Bayesian and Non-Bayesian Approaches for Estimating the Extended Exponential Distribution: Applications to COVID-19 and Carbon Fibers
Alaa A. Khalaf, Mundher A. Khaleel, Eslam Hussam, Gizachew Tirite Gellow, Ali T. Hammad, Ahmed M. Gemeay
Abstract
This study focuses on estimating the parameters of the Odd Burr XII–Exponential (OBXII‑E) distribution using both Bayesian and classical approaches. For the non‑Bayesian framework, seven estimation methods were considered: Maximum Likelihood, Least Squares, Weighted Least Squares, Maximum Product Space, Anderson–Darling, right‑Tailed Anderson–Darling, and Kolmogorov estimators.
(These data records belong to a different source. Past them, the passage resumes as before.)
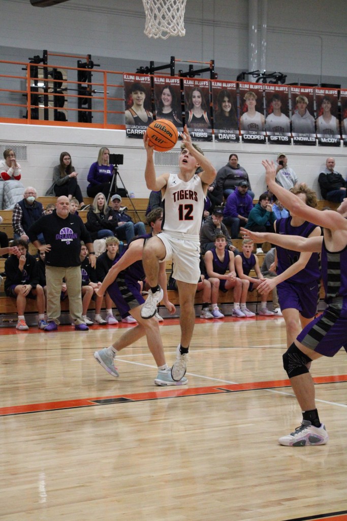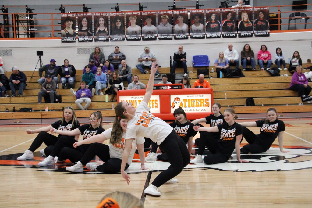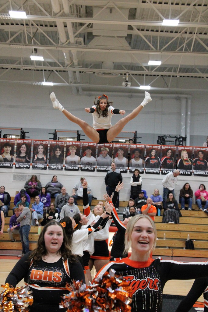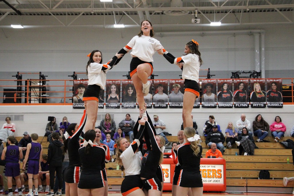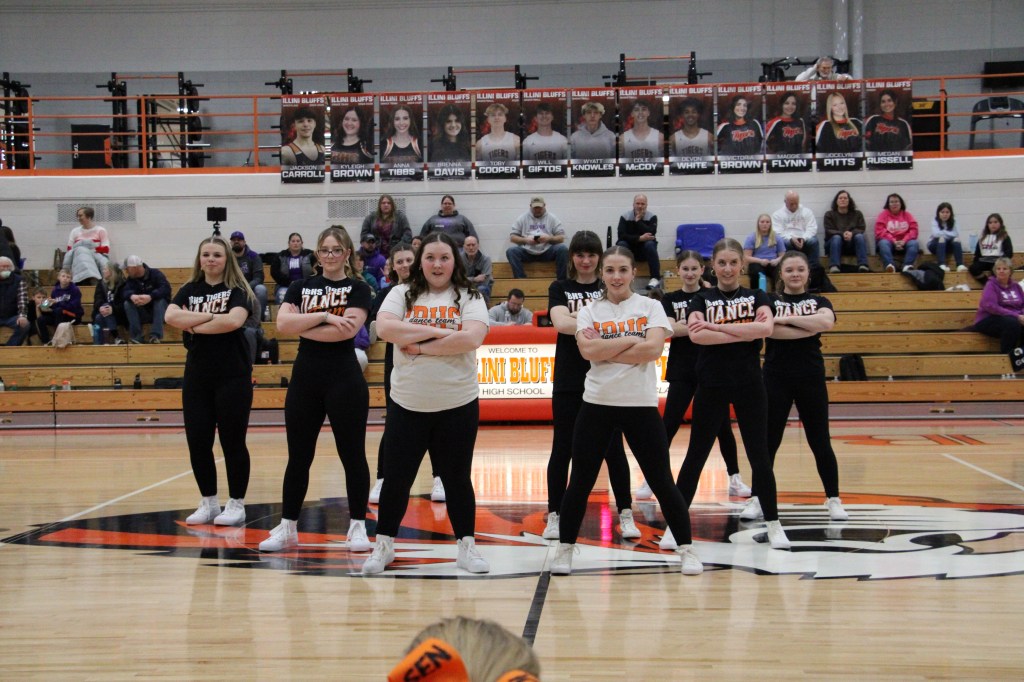 Last night, Feb. 14, 2025 the Illini Bluffs boys basketball team played against Delevan. JV won their game 43-40 while varsity won 55-40. It was senior night for the basketball players, cheerleaders, and dance team. The dance team has two seniors, Kyleigh and Anna. While there are four senior cheerleaders: Megan, Tori, Maggie, and Joce. The basketball team has five seniors: Toby, Devon, Will, Cole and Wyatt. Good luck to all of these seniors in all that they do after high school.
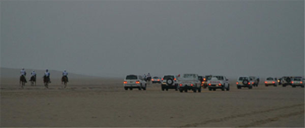 um 5 Uhr kurz nach dem Start:Eine Karawane von Pferden, Reitern und Geländefahrzeugen begibt sich in die Weite der von der Nacht noch dunkel gefärbten Wüste. |
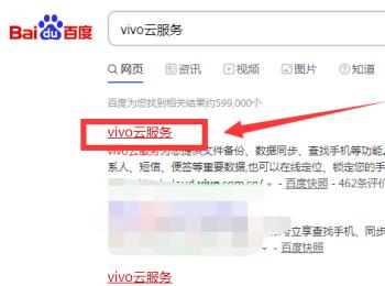 1. 首先第一步打开电脑浏览器,根据下图箭头所指,搜索并点击【vivo云服务】选项。
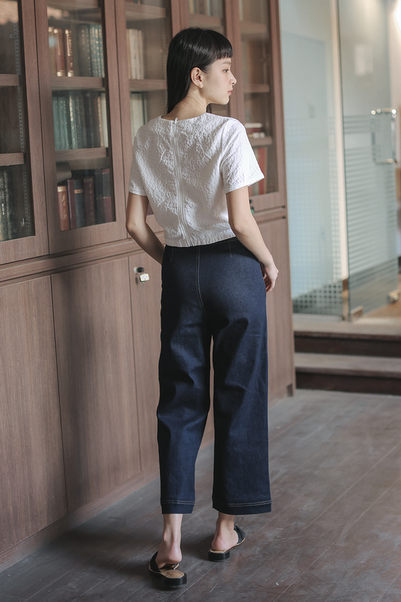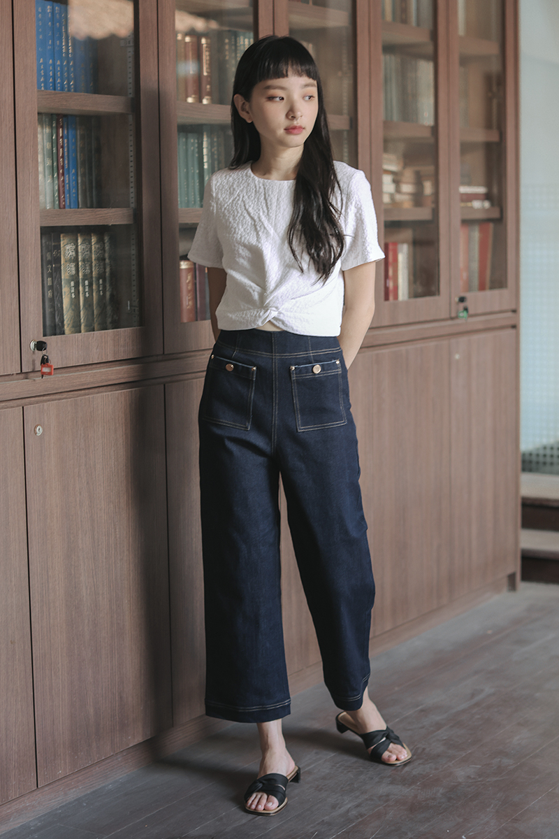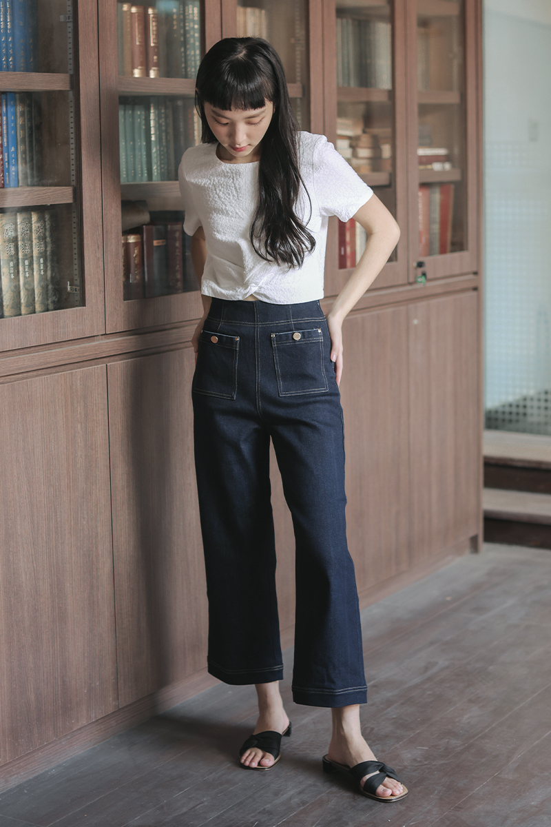 A pair of denim jeans never fails! This is better without the fly front zip and comes with functional front patch pockets embellished with gold snap buttons!
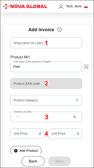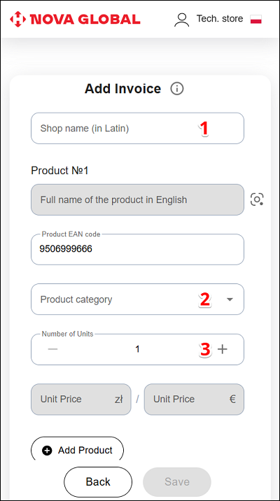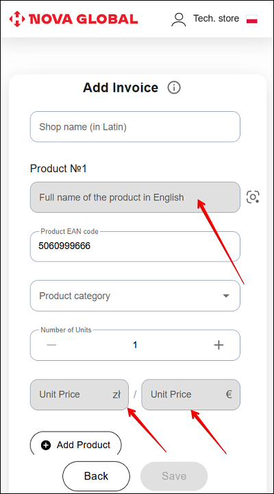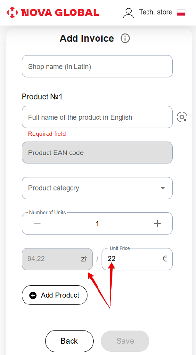 | 4 | Price per Unit | Enter the unit price in Zł / Enter the unit price in € |
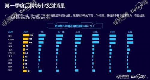 在品牌區(qū)域銷量方面,從報(bào)告數(shù)據(jù)中不難看出,華為手機(jī)在華北、華東、華中、華南區(qū)域的銷量有限比較明顯;在品牌城市級(jí)別銷量方面,華為手機(jī)在一線、新一線及二線城市銷量居于領(lǐng)先位置,隨著城市線的下沉以及華為“千縣計(jì)劃”的不斷推進(jìn)實(shí)施,華為有機(jī)會(huì)在一到五線城市獲得更高的滲透率。
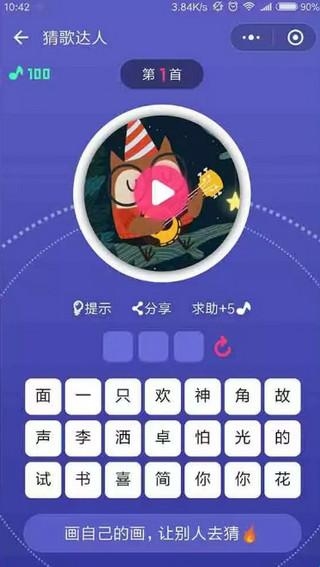4、游戏页面一目了然,上面是歌曲,下面是答题卡,点击播放按钮听一听,然后把你想的答案输入到下面的答题卡中,正确的话进入下一局,错误了只能从新来过,或者寻找好友帮助。
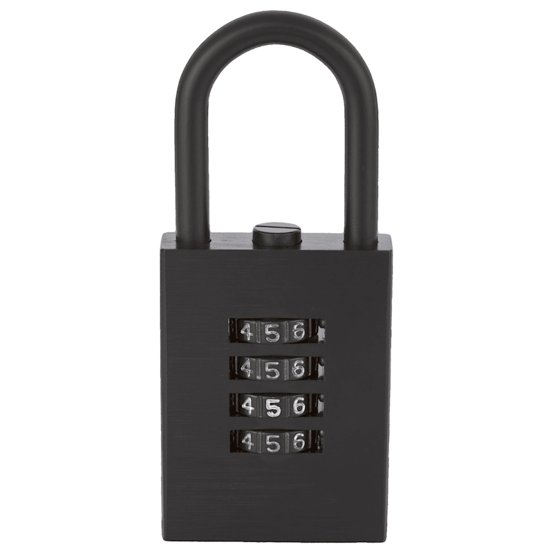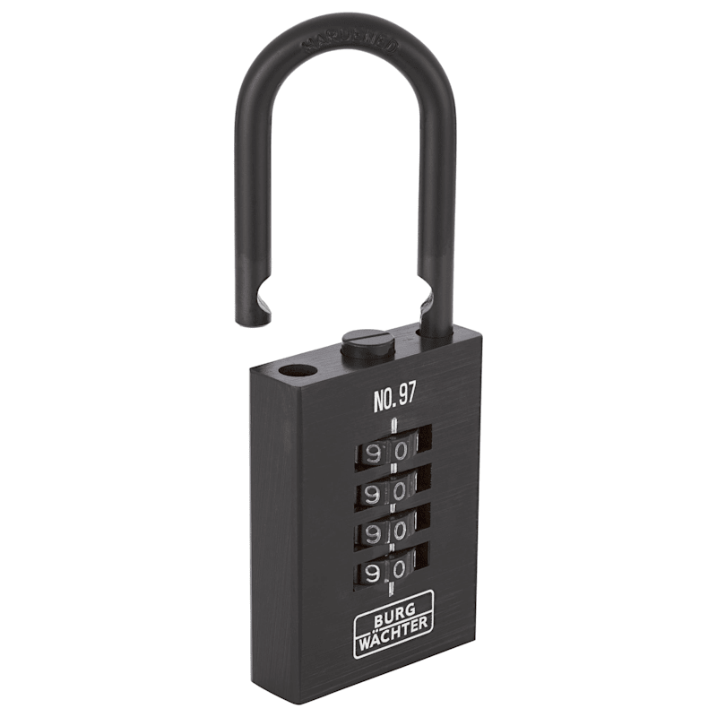 Das BURG-WÄCHTER Zahlen-Vorhangschloss Numero 97 aus solider, schwerer Guss-Qualität ist mit einem hochwertigen Korrosionsschutz versehen. Der Bügel und Teile des Schließwerks sind gehärtet. Die 4-ste
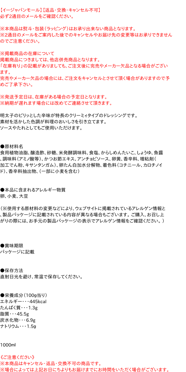 【イージャパンモール】【返品・交換・キャンセル不可】 必ず2通目のメールをご確認ください。 ※本商品は熨斗・包装(ラッピング)はお承り出来ない商品となります。 ※2通目のメールをご案内した後でのキャンセルやお届け先の変更等はお承りできませんのでご注意ください。※商品はご注文(ご決済)後、3-5営業日で発送(土・日・祝日除く)となります。※配送業者と契約がないため、送付先が北海道・沖縄・離島の場合キャンセルとさせていただきます。※掲載商品の在庫について 掲載商品につきましては、他店併売商品となります。 「在庫有り」の記載がありましても、ご注文後に完売やメーカー欠品となる場合がございます。 完売やメーカー欠品の場合には、ご注文をキャンセルとさせて頂く場合がありますので予めご了承下さい。 ※発送予定日は、在庫がある場合の予定日となります。 ※納期が遅れます場合には改めてご連絡させて頂きます。明太子のピリッとした辛味が特長のクリーミィタイプのドレッシングです。 素材を活かした色調が料理のおいしさを引き立てます。 ソースやたれとしてもご使用いただけます。 ●原材料名 食用植物油脂、醸造酢、砂糖、米発酵調味料、食塩、からしめんたいこ、しょうゆ、魚醤、調味料(アミノ酸等)、かつお節エキス、アンチョビソース、卵黄、香辛料、増粘剤(加工でん粉、キサンタンガム)、卵たん白加水分解物、着色料(コチニール、カロチノイド)、香辛料抽出物、(一部に小麦を含む) ●本品に含まれるアレルギー物質 卵、小麦、大豆 (※使用する原材料の変更などにより、ウェブサイトに掲載されているアレルゲン情報と、製品パッケージに記載されている内容が異なる場合もございます。 ご購入、お召し上がりの際には、お手元の製品パッケージの表示でアレルゲン情報をご確認ください。 ) ●賞味期限 パッケージに記載 ●保存方法 直射日光を避け、常温で保存してください。 ●栄養成分(100g当り) エネルギー・・・445kcal たんぱく質・・・1.3g 脂質・・・45.5g 炭水化物・・・6.9g ナトリウム・・・1.5g 1000ml【メーカー・製造または販売元】キューピー株式会社03-3300-0211【広告文責】株式会社イージャパンアンドカンパニーズ 072-875-6666《ご注意ください》 ※本商品はキャンセル・返品・交換不可の商品です。 ※場合によっては上記お日にちよりもお届けまでにお時間をいただく場合がございます。 ※商品の写真はイメージです。 不良品、内容相違、破損、損傷の場合は良品と交換させていただきますが、完売やメーカー欠品などの場合にはご返金でのご対応とさせていただきます。 但し、商品到着から3日以内にご連絡をいただけない場合、ご対応致しかねます。 ※本商品は熨斗・包装(ラッピング)はお承り出来ない商品となります。 ※商品がリニューアルしている場合、リニューアル後の商品にてお届けとなる場合がございます。 リニューアルにより商品内容、容量、パッケージ等が異なる場合であってもキャンセル・返品・交換はお承りしておりません。 ※ご注文後、完売やメーカー欠品等の場合には該当商品をキャンセルとさせていただく場合がありますので予めご了承ください。[関連キーワード:調味料 ドレッシング サラダ タレ たれ 洋食 野菜 めんたいこ 乳化液状ドレッシング]★まとめ買い★ QP 明太子ドレッシング 1L ×9個 はコチラ >>
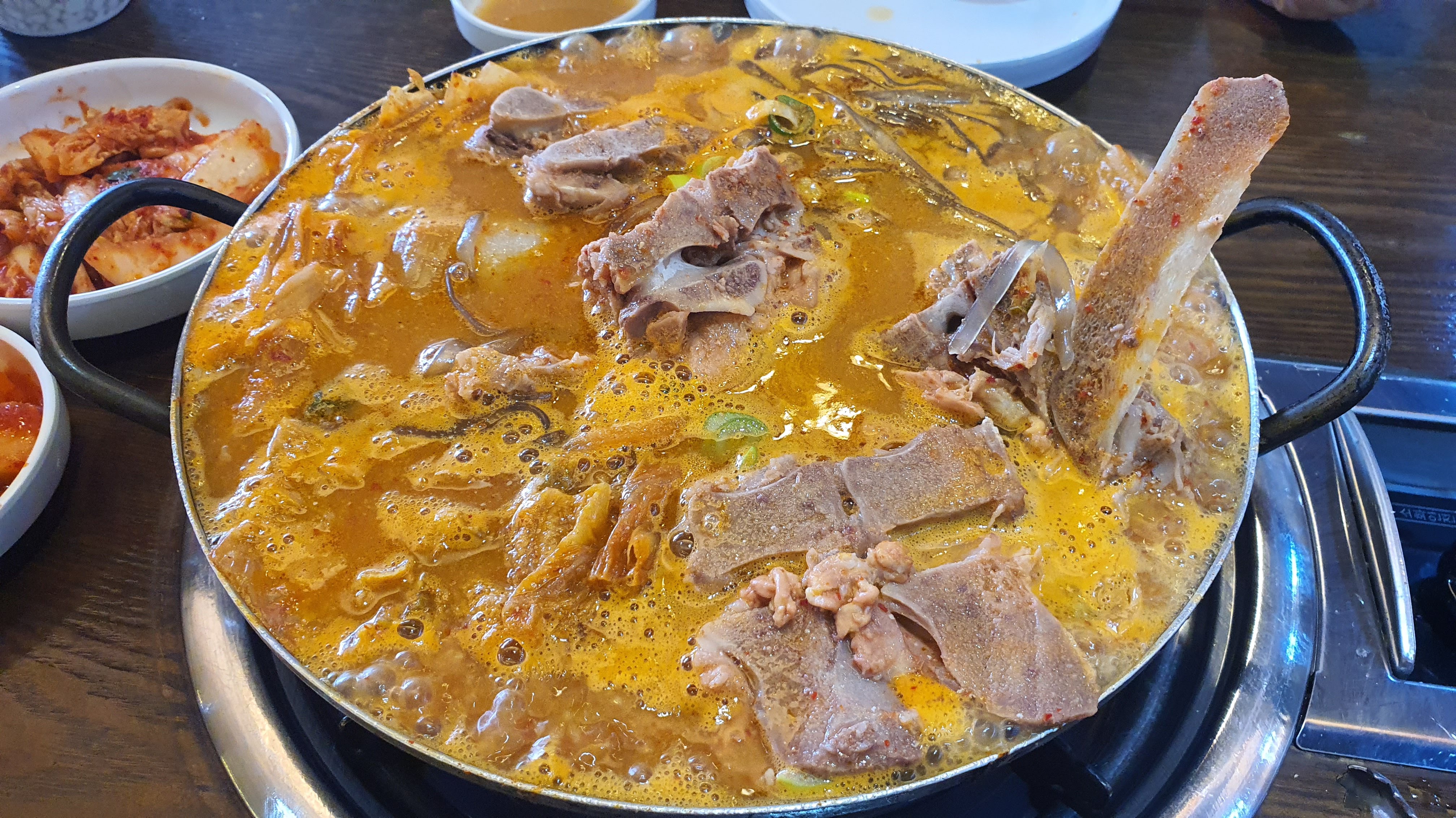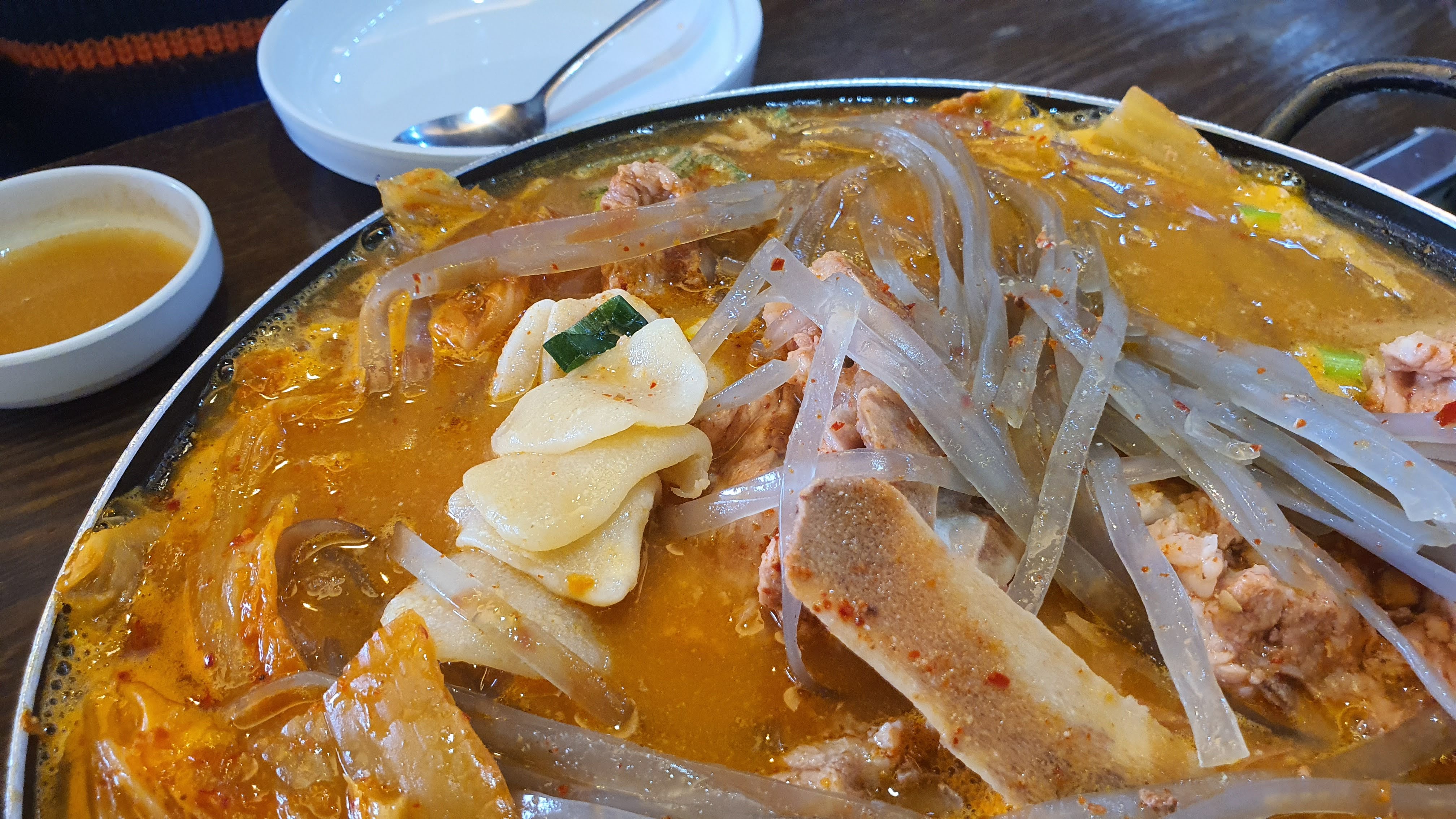 묵은지 감자탕 소을 시켰는데 생각보다 뼈도 많고 양도 많아서 3인이 먹어도 충분할 거 같더라고요.

In the Bayesian context, parameter estimation was carried out using the Markov Chain Monte Carlo (MCMC) technique under different loss functions, including Squared Error, General Entropy, and Linear‑Exponential. Through extensive simulation experiments, the accuracy and consistency of each estimator were evaluated, revealing that all methods converge toward the true parameter values as sample size increases. The OBXII‑E distribution was further applied to two real datasets, where it consistently outperformed competing models based on multiple goodness‑of‑fit criteria. Overall, the results confirm the robustness and flexibility of the OBXII‑E distribution in modeling daily COVID-19 and carbon fibers data.